NEW YORK (AP) ― Fashion’s top brass seems to like the military look for next fall. Three days into the seasonal previews at New York Fashion Week Saturday, styles for the urban battlefield have emerged as a trend.
Prabal Gurung, one of Michelle Obama’s favorite designers, opened his show with a sharp black cape ― with a black patent-leather tank peeking out ― and black neoprene molded trousers. The outfit oozed strength but it wasn’t overly tough, either.
It was a similar story at the Rag & Bone and Jason Wu shows a day earlier, which both took traditional military touches, including strong shoulders, epaulets, grommets and big buttons, and put them through a feminine filter. Meanwhile, Tommy Hilfiger described his new men’s collection as “an academy look that is sophisticated, modern, a touch rebellious but buttoned up.’’ In the notes from Friday’s show he called the line “a personalized take on military precision.”
“Maybe there’s some subconscious thing with the troops coming out of Iraq,” said Joanna Coles, editor-in-chief of Marie Claire. “There is a more positive spin on military, much more so than when we saw military after 9/11.”
The look is a good one for consumers, she said. “Military is easy to wear. It smartens your outfit, chic-ifies outerwear and it’s a good color range of neutrals that are flattering.”
Coles added, “The military is a well-oiled machine and military clothes reflect that.
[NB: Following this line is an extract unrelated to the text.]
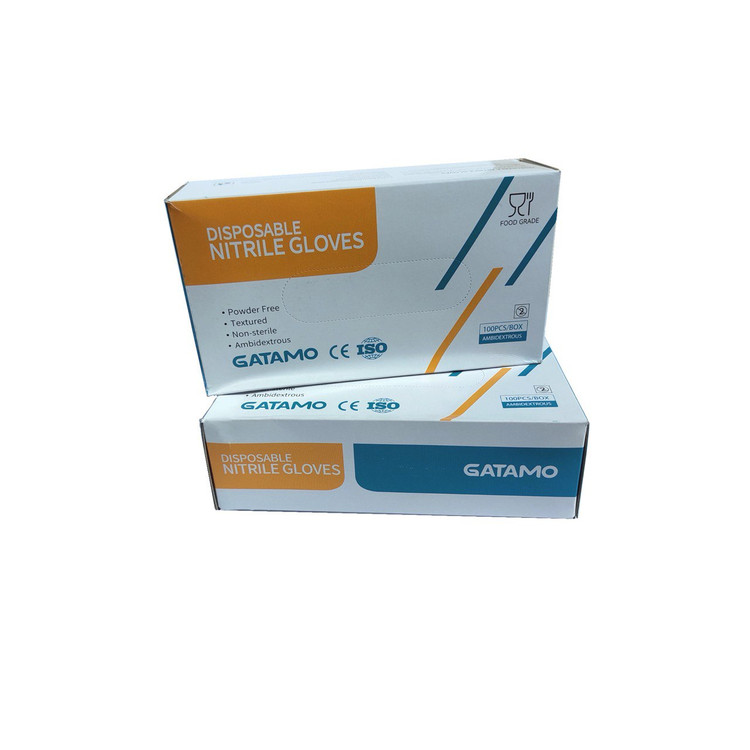 دستکش نیتریل خالص برند گاتامو GATAMOچین با کیفیت عالی دارای استاندارد اتحادیه اروپا CE و رده بندی فود گریدFOOD GRADE قابل استفاده در صنایع غذایی، دارویی، پزشکی، آزمایشگاهی و نوک انگشت آجدار برای جلوگیری از لغزش اشیا هنگام کار با دستکش،دارای کشسانی فوق العاده بدون پودر و بدون بو و حساسیت زایی،امکان استفاده از تاچ اسکرین ها با دستکش، غیر استریل و بافت مقاوم در برابر ترکیبات اسیدی و الکل

There’s organization and no room for doubt.”
But there’s a broad range of styles that tap into the trend, from crisp dress clothes inspired by officers to the more hipster interpretation of the urban warrior.
Gurung said his strong runway designs were more to make a statement and tell a story than some of his other looks for fall, which he described as “more wearable and sportswear-driven.” He said he didn’t have the first lady in mind when he conceived of the collection, adding, “I do hope she’s going to like something. But it’s more her effect has tremendous positive impact on my business.”
Saturday evening shows were to include Christian Siriano, who’s zoomed to success since his 2008 win on the “Project Runway” TV show at age 22.
Prabal Gurung offered sharp, edgy black outfits with strong silhouettes, slashed sleeves and high-gloss patent leather and ended with Oscars-worthy white gown gowns with feathers and gold lame. Somewhere in between, he fit in blouses and dresses in a recurring print of a steer’s skull that sounds scary but was subtle and truly lovely.
Gurung created hourglass shapes with sheer panels on models who sometimes looked like beanpoles. Some garments were molded to define silhouettes without making them clingy.
Trousers were narrow but with boot-leg bottoms. Chic coats were also long and lean.
He experimented with mixed textures, offering a patent leather coat embroidered with sheared mink loops, fox fur and tiers of goat hair, and on the other end of the spectrum, a white cocktail dress with a panel of gold tinsel and another of lame.
A red carpet-ready black gown featured sheer tulle covered in beads and crystals.
The second outfit to come down Jill Stuart’s runway, a gold leaf-embroidered T-shirt paired with black sailor pants, is headed straight to the designer’s closet.
She had it earmarked for her wardrobe even before she debuted her fall collection.
Some dresses had flippy, flouncy hemlines and others had a schoolgirl jumper silhouette, adding moments of levity to the catwalk, but the emphasis seemed to be on the sharply defined shoulders, high necklines and the occasion panel of suggestive sheer fabric.
Many of the prints and embroideries featured a floral motif, but there was nothing flowery about black roses on stark winter white backgrounds or prints that seemed to paint a picture of a garden in the dark. This collection showed a more serious side to Stuart.